Patients remain at risk of receiving treatments they never would have wanted had full and informed consent been obtained, and physicians frequently offer and provide treatments that, even prospectively, can only pointlessly and painfully prolong the dying process.
Competing interests: No competing interests
Re: Too much medicine; too little care
It is notable that the editorial warns us of one red flag of "overdiagnosis" as "increasing incidence with same mortality". I see an exception in the overly aggressive screening and labeling for Type 2 Diabetes.
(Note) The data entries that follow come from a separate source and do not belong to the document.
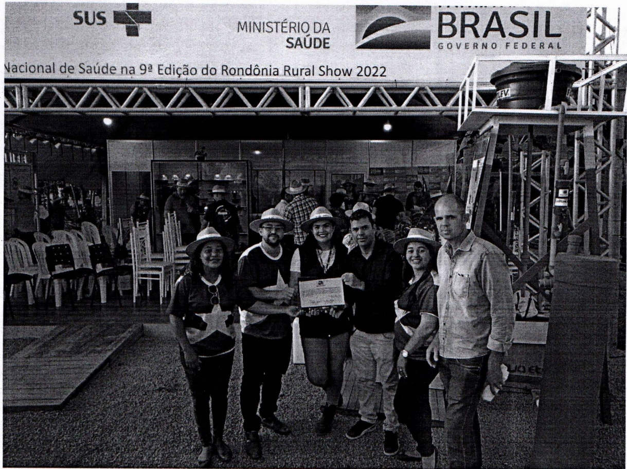
Figura 3: Entrega do certificado de conclusão do PMSB no stand da Funasa na Rondônia Rural Show.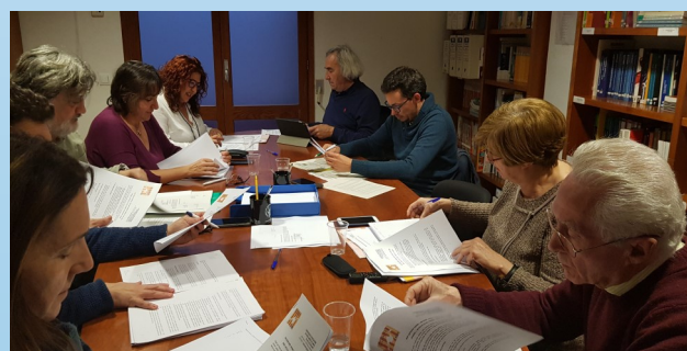
Membres de la Comissió Permanent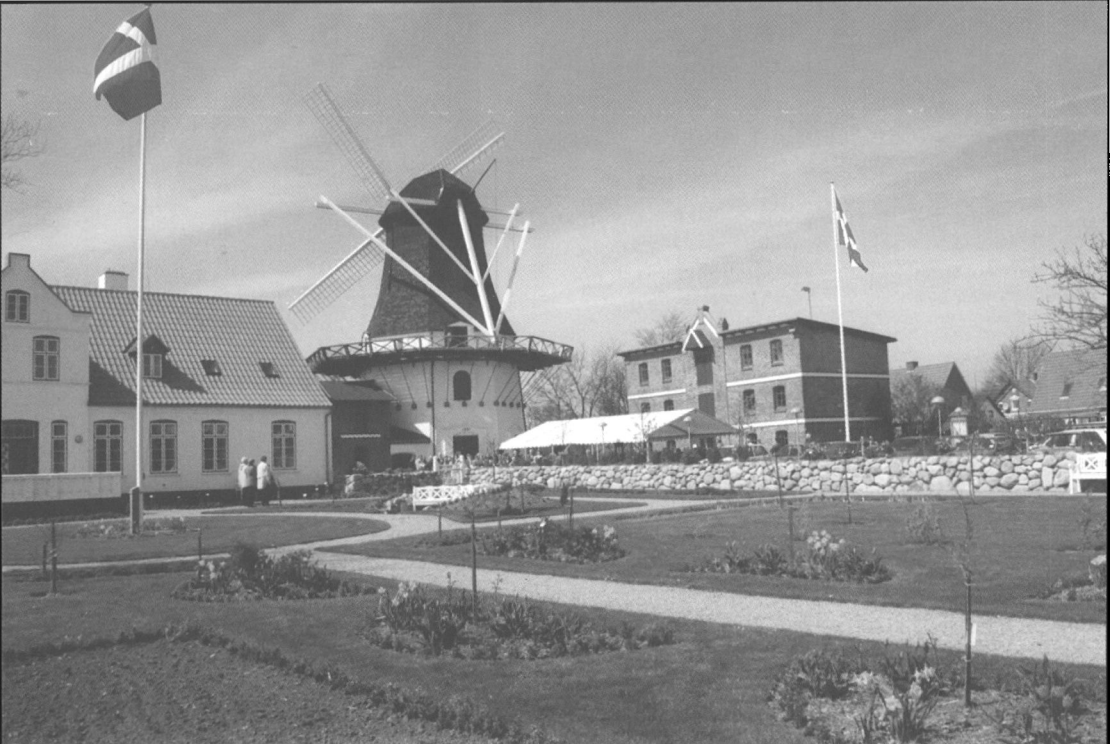
Indvielsen af Højer Møllehave 2. maj 1997. Selve indvielsen fandt sted under den lyse teltduk på møllepladsen.

Peder Aarslevs Legat i samme periode yder 50.000 kr. årligt til driften. Desuden skænkede Peder Aarslevs Legat i 1997 200.000 kr. til indkøb af tolv gulvmontrer til husets møblering som museumshus.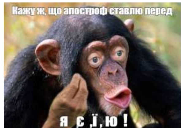
Рис. 4. Зразок мемів про апостроф.

Мотиватор. «Словник української мови online» подає таке визначення мотиватора – «той, хто мотивує до чого-небудь» [37, с. 1678].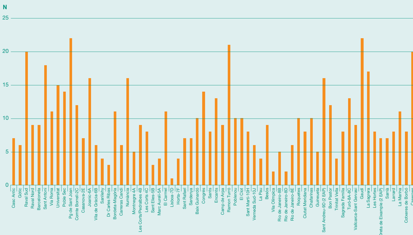
Figura 2. Distribució dels casos notificats segons centre notificador. Barcelona, 2017.

El 100% dels EAP de Barcelona van notificar almenys un cas de malaltia relacionada amb el treball.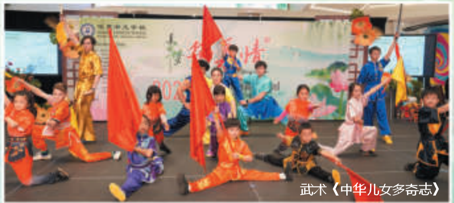
武术《中华儿女多奇志》

中国武术，也被称为功夫，拥有4000年的历史，包括许多经过几个世纪发展起来的格斗风格，是中国文化的重要组成部分。如今，武术是一项非常流行的国际运动，也广泛用于健身、表演和自卫。武术功夫健身中心的教练和学生表演来自长拳和南拳功夫风格的手形和武器套路。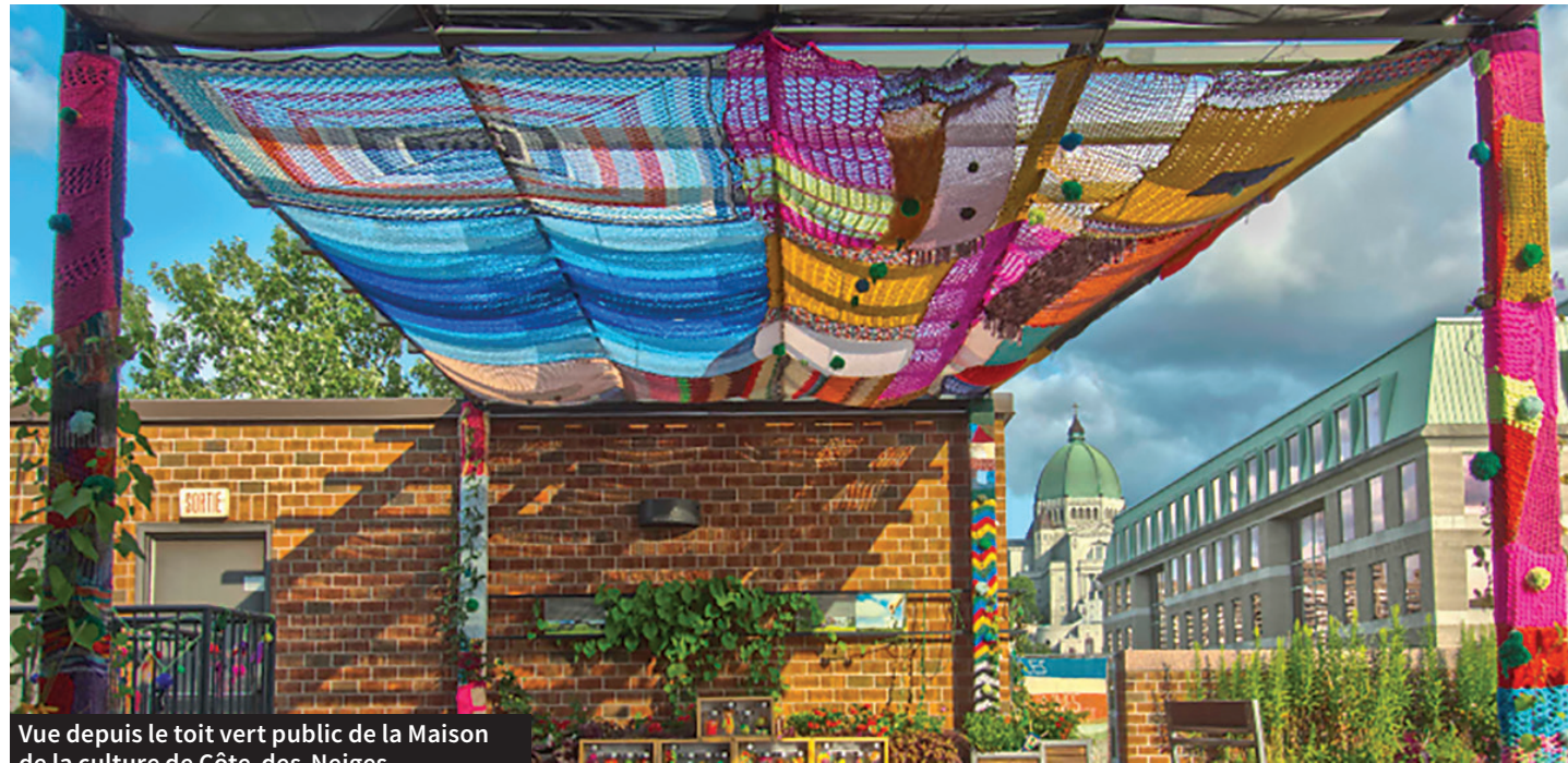
Vue depuis le toit vert public de la Maison de la culture de Côte-des-Neiges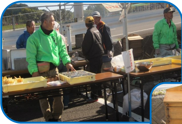
早朝から準備、つきたての 餅で心を込めて作りました。 最高に美味しかったです♪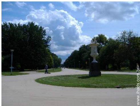
parque e jardim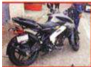
La Bajaj Pulsar 200 color blanco y negro tenía placas 9L2DY.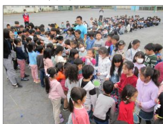
1年生を迎える会 (メダルのプレゼント)

4月12日に「1年生を迎える会」を行いました。1年生は2年生から6年生に迎えられ、瀬谷第二小学校の仲間入りをしました。教室では興味をもって勉強し、休み時間には校庭や教室で友達と楽しそうに遊ぶなど、生き生きと学校生活を送っています。給食も栄養教諭や調理スタッフがびっくりするほどよく食べています。避難訓練の時にも話をしないでしっかりと避難することができました。1年生の成長が楽しみです。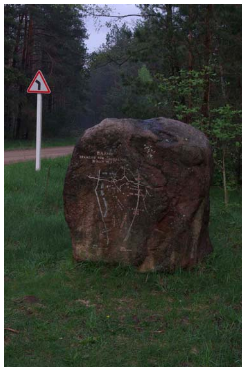
29-30. У д. Поддубно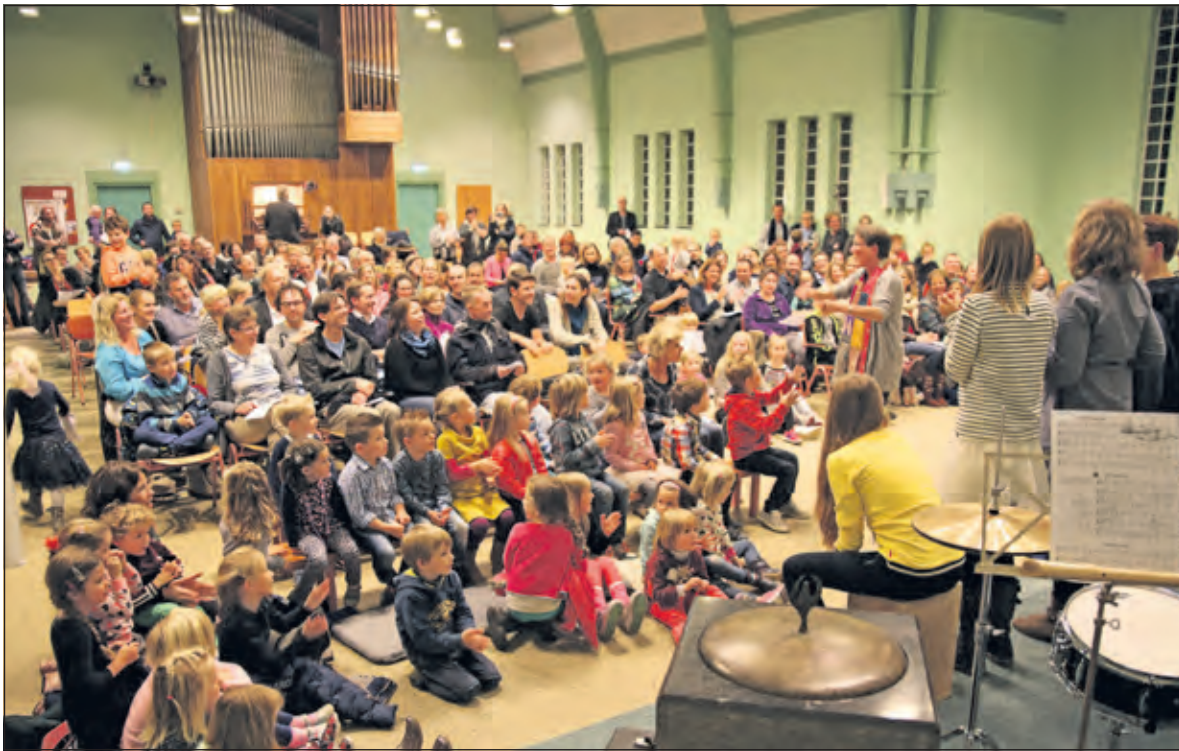
Aan het einde van het concert doen alle bezoekers mee met het muzikale feest.

Recent mainstream media reports a claim of lowering of mortality of diabetics over the past 10+ years as discussed in "Diabetologia, the Journal of the European Association for the Study of Diabetes", from 90% to 51% (1). Very impressive if it were really because of our management strategies. But it is most likely a result of a "dilution" of the documented diabetic population, which previously were only made up of high risk "type 2" and type 1 diabetics. Increasing numbers of asymptomatic very low risk "type 2 diabetics" are now being labeled and recruited into the diabetic population making the overall prognosis better. It is a matter of increasing the denominator (diagnosed) and not decreasing the numerator (mortality). Other factors may come into play like overall improved quality of life and healthcare.
I hope type 2 diabetes is not missed as an "overdiagnosis" as it manages to pass one criteria while failing in all others.